What better: to have each table for each entity (posts, answers, comments) or one table with 'post_type' and 'parent_id' parameter?
UPD: answers and comments are similar with properties.
The best route would be 3 tables:
Posts
Answers
Posts_ID (parent)
Comments
Answers_ID (parent)
Posts being the ultimate parent, answers linked to it, and comments linked to answers.
Whether you have separate tables for posts and comments depends partly on whether one can be used instead of the other and partly on how similar is the processing on each. Put another way, how much information is unique to each? If there is nothing or almost nothing unique to each, then one table would very probably work.
Under certain circumstances it makes sense to use a single table with a differentiator column (option 2) BUT any columns that belong solely to one type should go into its own table, and that table will have a foreign key mapping back to the main table. This will form a table inheritance hierarchy.
This makes sense if the objects these tables represent share a significant number of columns; and their commonalities allows for some processing to be generalised across the different types without having to know the specific subtype.
If the majority of your queries end up having to filter by the differentiator column, what real advantage do you gain from storing them in the same place?
In short: K.I.S.S. applies; if there is a programming advantage to be had by using the single table approach, use that; otherwise keep it simple and use 3 (counter intuitive I know, but the added cognitive load just to do self-joins all the time should convince you).
Related
I want to implement a vote system for several different entities/tables (e.g. articles, blog posts, users).
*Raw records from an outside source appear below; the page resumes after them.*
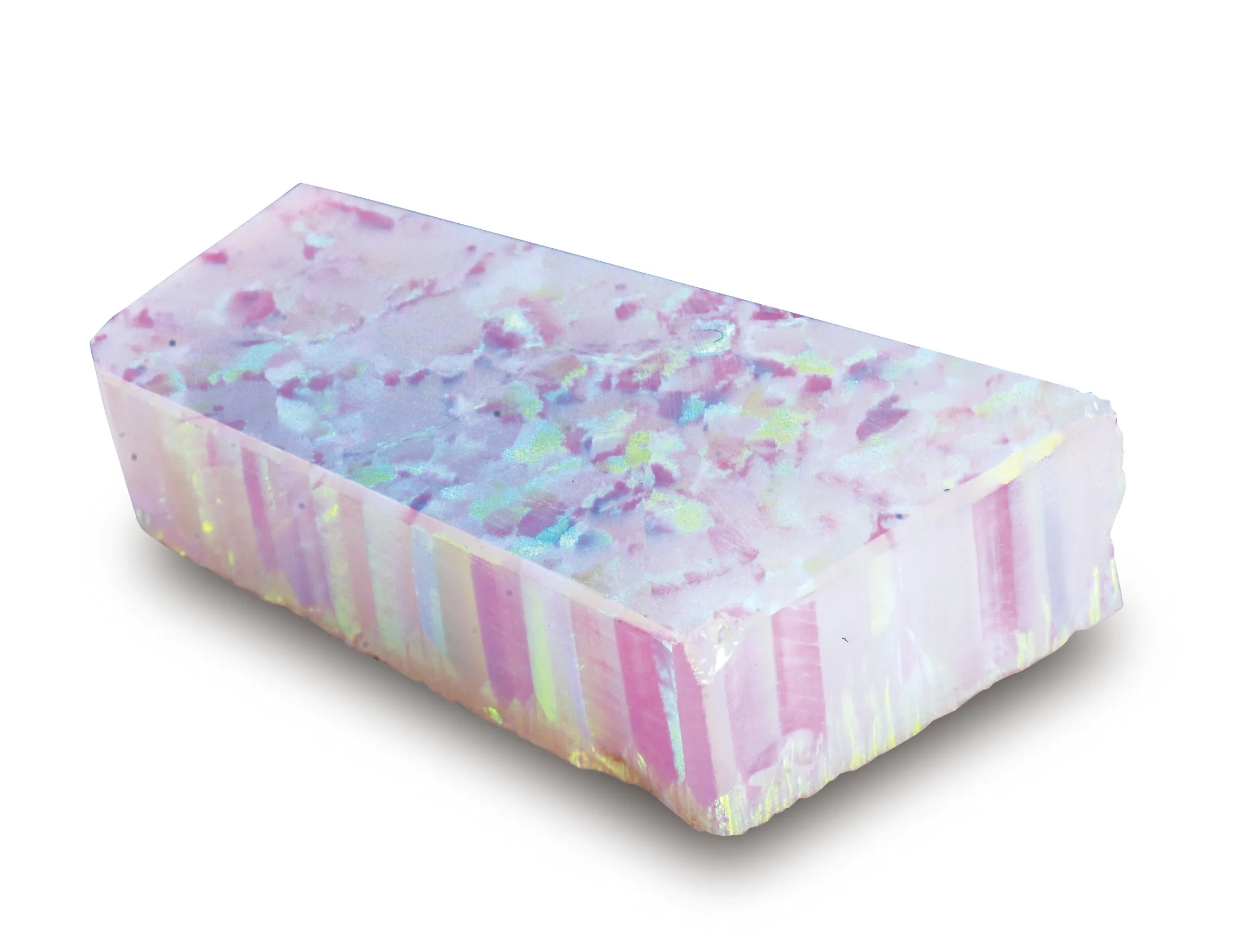 「京都オパール」は、天然オパールと同一の石英粒子をもとにし、当社独自の宝石合成技術により実現した人工オパールです。天然オパールと同様の内部構造を再現しているので、遊色効果による多彩な輝きをもちながらも、オパール独特の「割れ」や「欠け」などのいわゆる「脆さ」を克服し、さまざまな形状に加工が可能です。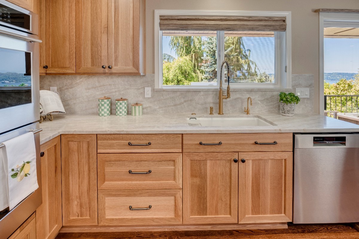 This kitchen offers a seamless blend of organic charm and modern refinement. Natural wood cabinetry brings warmth and texture, beautifully contrasted by sleek black hardware and clean, white quartz countertops. The slate tile flooring adds a grounding element, while the soft gray-blue island introduces a subtle pop of color and additional workspace, complete with bar seating for casual gatherings. Expansive corner windows flood the room with natural light, enhancing the airy feel and connecting the space to the outdoors. A glass mosaic backsplash and stainless steel appliances complete the look, making this kitchen as visually striking as it is highly functional.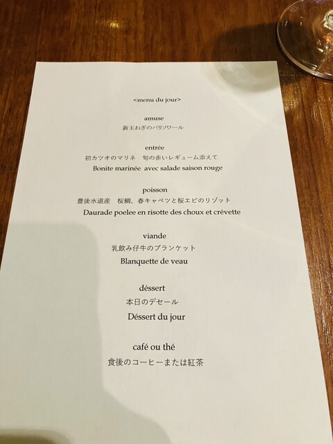 東銀座・歌舞伎座の裏手にひっそりと佇む4年連続ビブグルマン獲得の正統派ビストロ。今回は接待で利用。前菜から始まりメインの鹿肉までかなり食べ応えあり、コスパの高さは嬉しい限り。好みを言えば美味しいワイン...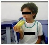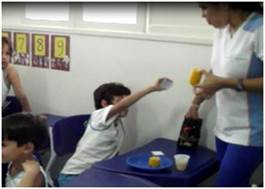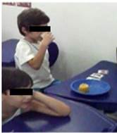Na situação de lanche, era observado que João não se comunicava para solicitar seus alimentos. Em geral, eles eram prontamente entregues ou dados pelas professoras. Vale, ainda, ressaltar que o aluno utilizava uma mamadeira e, diferente dos colegas, não consumia os alimentos da escola, conforme observado na figura 2.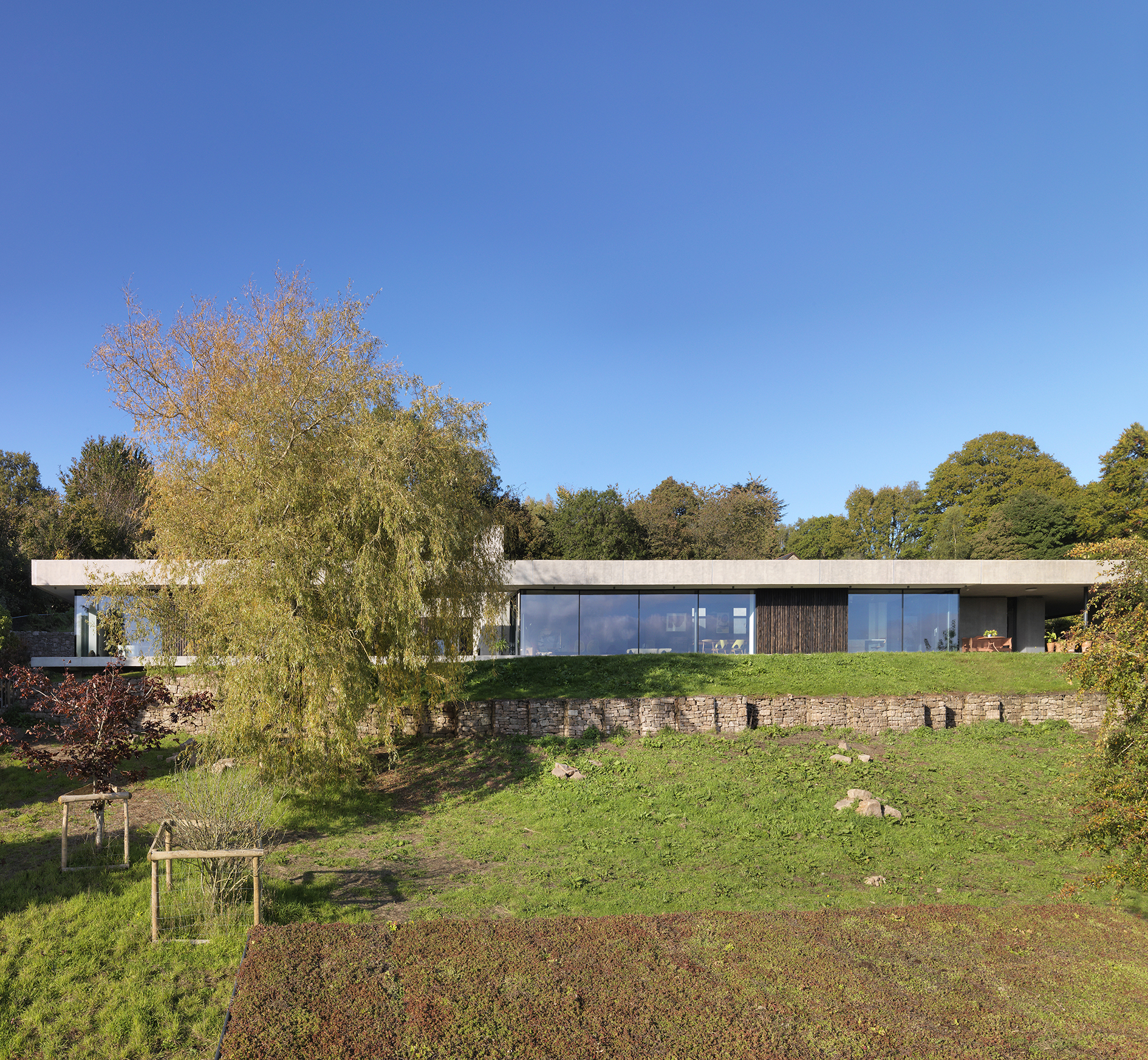 The project has also surpassed all environmental targets set within the clients’ brief, achieving an EPC rating of A Plus following a 96/100 score and an actual annual building emissions rate of 3.44kg/m². The building achieves its credentials through a combination of a highly insulated fabric, including elements below 0.1W/m²K; an inverted green roof seeded from the adjacent field, with huge thermal mass potential; triple glazing; and technological systems such as photovoltaic solar panels, solar thermal panels, a ground source heat pump and MVHR. In addition a low-energy LED lighting scheme has been specified throughout.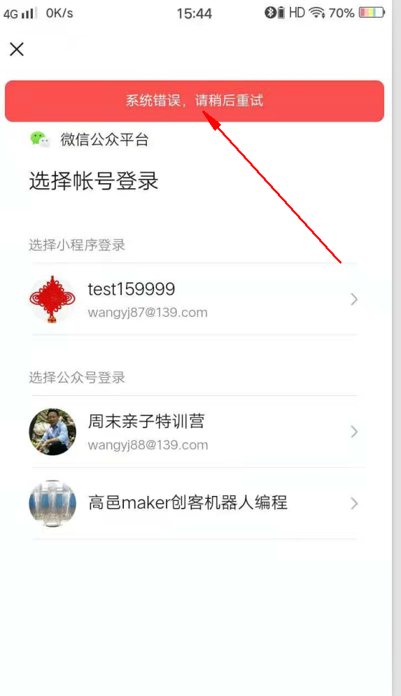 我申请了两个账号,然后可以正常登录管理,另一个账号会出现错误提示,详见截图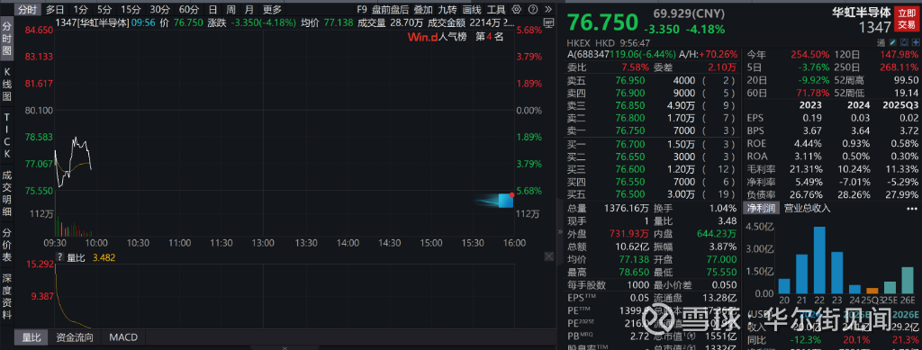 华虹半导体港股下跌4.1%,A股下跌4.8%.

What is the best/more efficient approach?:
Create a table votes to store all the votes of all entities?
votes
vote_id
user_id
type (articles, blogposts or users)
Create a table votes for each entity? votes_articles, votes_blogposts, votes_users
What I see is:
First option will result with a bigger table and there's an additional field which I need to include in my queries. More generic table that can be easily extended for more entities if needed and everything is kind of centralised. (Can use a generic function to retrieve/insert/update the table.)
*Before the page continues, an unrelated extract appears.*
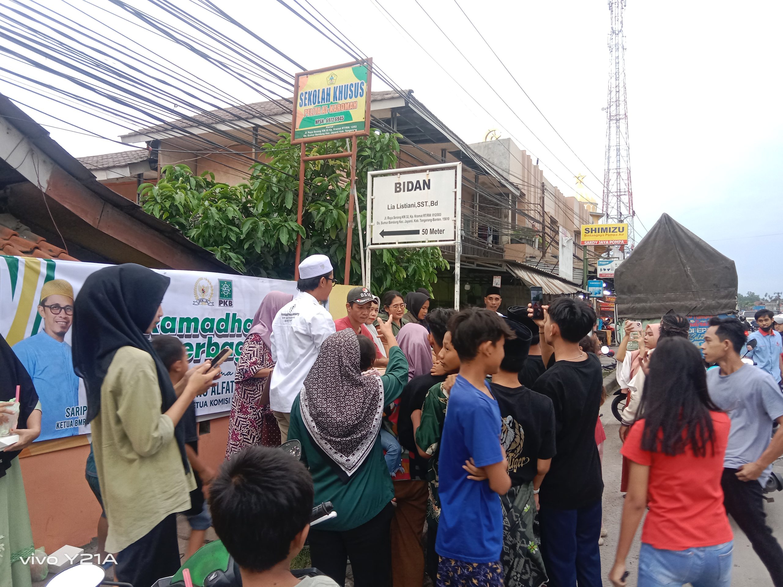 Hal ini di sambut baik dari kalangan tua muda serta anak – anak berantusias dalam antrian untuk mendapatkan takjil gratis dari Relawan Barisan Muda Rano Alfath, dengan menu es teh, es susu dan nasi box.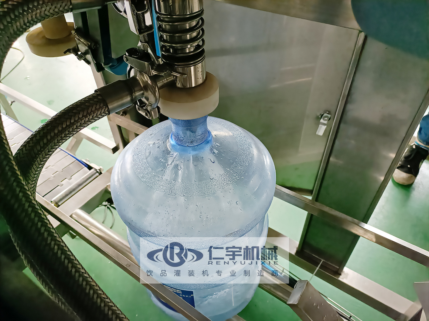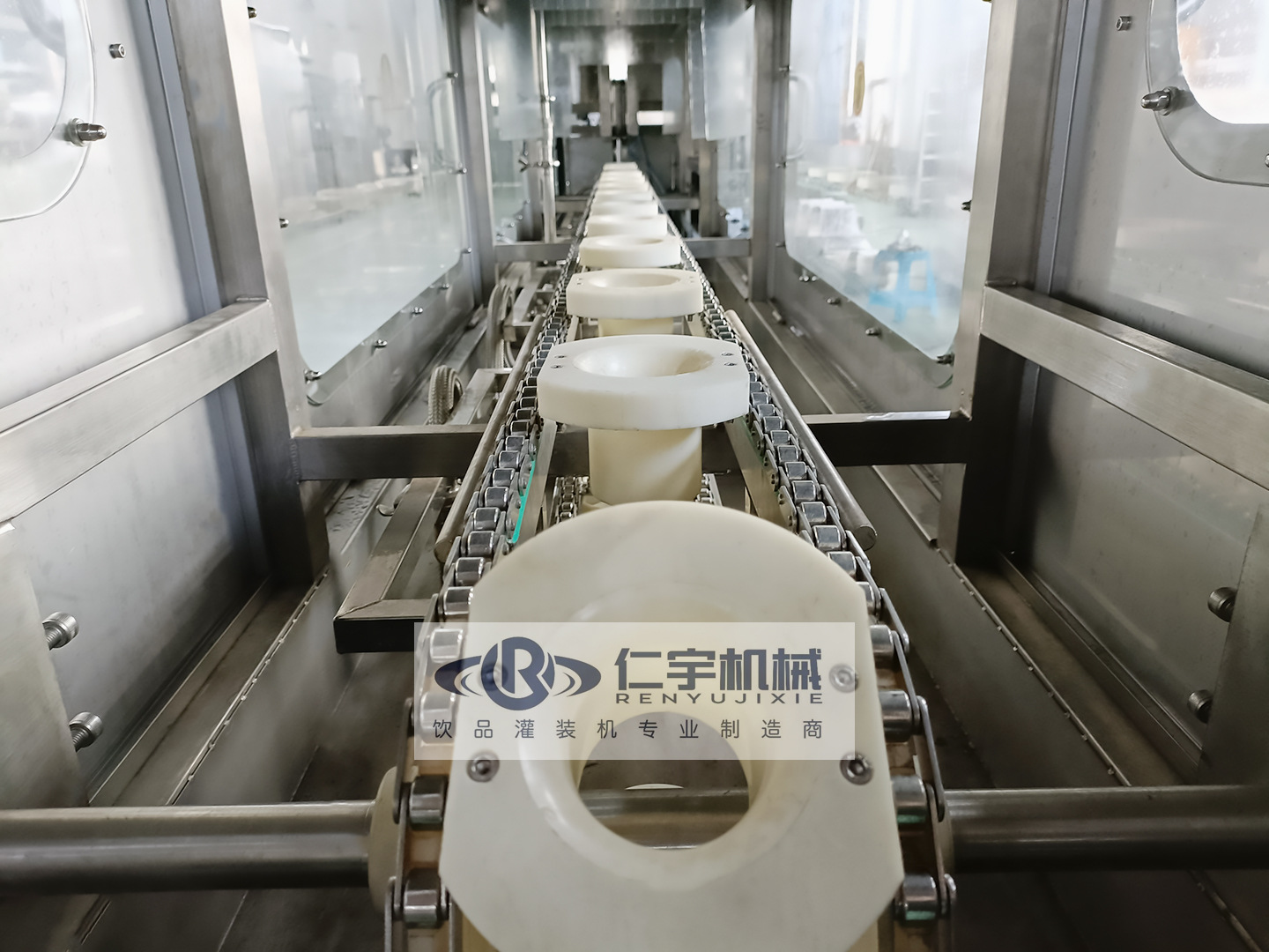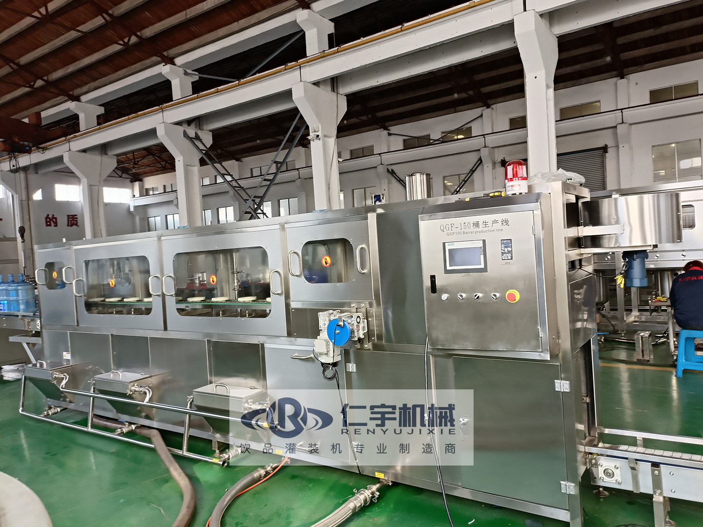 一、 概述微电脑自动洗灌装机是全自动灌装纯净水的设备,也可用于蒸馏水、矿泉水和其它无菌液体的灌装。该设备集洗瓶、灌装、套盖、压盖和成品送出为一体流水线作业,有效地防止纯净水在灌装过程中可能发生的二次污染。该设备采用380V(220V)50HZ交流电,控制系统采用的可编控制系统和气动控制系统编程固化方式,选用高量度数码显示器,操作人员可以根据显示器进行操作。性能可靠、操作方便、维护简单。二、 主要技术参数1、 工作电压:AC220V 、380V (+10%,-10%)50HZ2、 输出能力:24V、9V3、 工作温度:5—45。C4、 工作湿度:40%—95%(不凝露)5、 生产能力150-200桶/h(150-2000桶/时可定制)6、 灌装容量:18.9L(5加仑)7、 桶瓶规格:Φ270×490×Φ568、 桶盖规格:Φ58×409、 电机功率:流瓶水泵370W 380V 220V 50HZ 灌装水泵 750W 380V 220V 50HZ三、 结构特征本机结构分为四个部分:洗瓶部分 灌装部分 可编程控制部分 气动控制部分1、 洗瓶部分:洗瓶部分由洗瓶传动机构,瓶托、药水洗瓶水泵、药水箱、净水洗瓶及灌装水泵、洗瓶传动气缸等组成。2、 灌装部分:由推瓶气缸、推瓶机构、出瓶滚道、灌装气动阀、电磁阀、理盖电机、理盖机构、压盖机构等组成。3、 电气部分:由可编程控制器、交流接触器OUT、PLC等部分组成。四、 工作原理本机采用程序全自动控制、其工作过程如下:1、 洗瓶工位放瓶工位,第二工位采用二氧化氯(CLO2溶液)洗涤消毒,第三工位为纯水冲洗工位,第四工位为沥干工位。2、 灌装:洗干净的瓶,通过洗瓶传动机构的输送、落在推瓶架上,推瓶气缸动做把空瓶推到灌装位置,开始灌装,灌装时间由用根据需要进行调节。3、 套盖和压盖:当灌装结束后,靠下一个灌装瓶将已灌满的瓶子送至理盖机构套盖,套好盖的瓶子推至压盖机构、压盖气缸将瓶盖压紧。至此,一个洗灌周期完成。五、 系统键位说明本电脑提供了12个操作键,每一下都会伴有蜂鸣信号提示,再按一下此键设定关闭。

Second option will result with smaller tables; faster to query? But not necessarily better to maintain.
The second method has many advantages. Presumably, the votes are actually on entities, so you also have an id in each table pointing to the article, blogpost, or whatever that is being voted on. In a standard SQL database, you would like to have foreign key references to other tables, and the one-table-per-entity approach provides that capability.
You could modify the first approach to do this. However, that would require a separate column for each possible entity. And, then, you lose the easy flexibility of adding new entities.
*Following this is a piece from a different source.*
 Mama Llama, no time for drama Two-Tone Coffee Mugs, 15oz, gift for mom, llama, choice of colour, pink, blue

When is the first approach advantageous? First, when maintaining valid foreign key references is not important. And, when you often want to bring together votes as votes. So, how many times did a user vote today regardless of what s/he voted on? How many votes do user A and user B have in common regardless of what they voted on? Get the idea. If votes starts to behave like its own entity, then it deserves its own table.
I happen to think that your very question highlights a major weakness in SQL and relational databases. This is an example of wanting different entities to "inherit" features from a class (to borrow terminology from the OO world). Wouldn't it be nice if you could just specify that a new entity inherits properties from another entity (such as "Votable")? Oh, never mind, that's not the real world of popular databases. At least not today.
EDIT:
If you care about performance, don't go with the modified first approach -- that is, a separate column for each possible entity. Normally, primary keys are 4-byte integers. These (in most databases at least) will occupy four bytes, regardless of whether the column has a NULL value. So, one table with three entity columns is (to a very rough approximation) three times the size of three tables specialized for each entity. Such wasted space only slows down the query processing.
If you are only going to have two or three entities, maybe this isn't that big a deal. But once you get to more than you can count on one hand, it really is a waste of space, memory, and processing power.
I have a table titled videos. In it there are three columns: media_id, project_id, and video_url. My questions is, is it necessary for me to have media_id? I'm not using it in any other tables. I would expect there to be multiple project_ids with the same number but different video_urls.
Having or not having surrogate ID's for something has nothing to do with normalization.
(copyright catcall)
Having or not having surrogate ID's for something depends on whether or not you have a useful use for it. You already gave the answer to that yourself. And it depends on whether or not there is a significant likelihood that, even if there is no actual use for it right now, such a use might quickly emerge in a nearby future.
You could use project_id and video_url as a function dependency key in your model but at a physical level I would not like to use a URL as part of a key.
By this I mean I prefer an ID or number to avoid typing in long string each time the key is referenced in different tables.
I would consider it necessary. This is purely based on the fact that the media entry is unique and there could be multiple media entries for any one project. This keeps a unique id for the row, a proper project relationship and the valuable URL data for the media resource.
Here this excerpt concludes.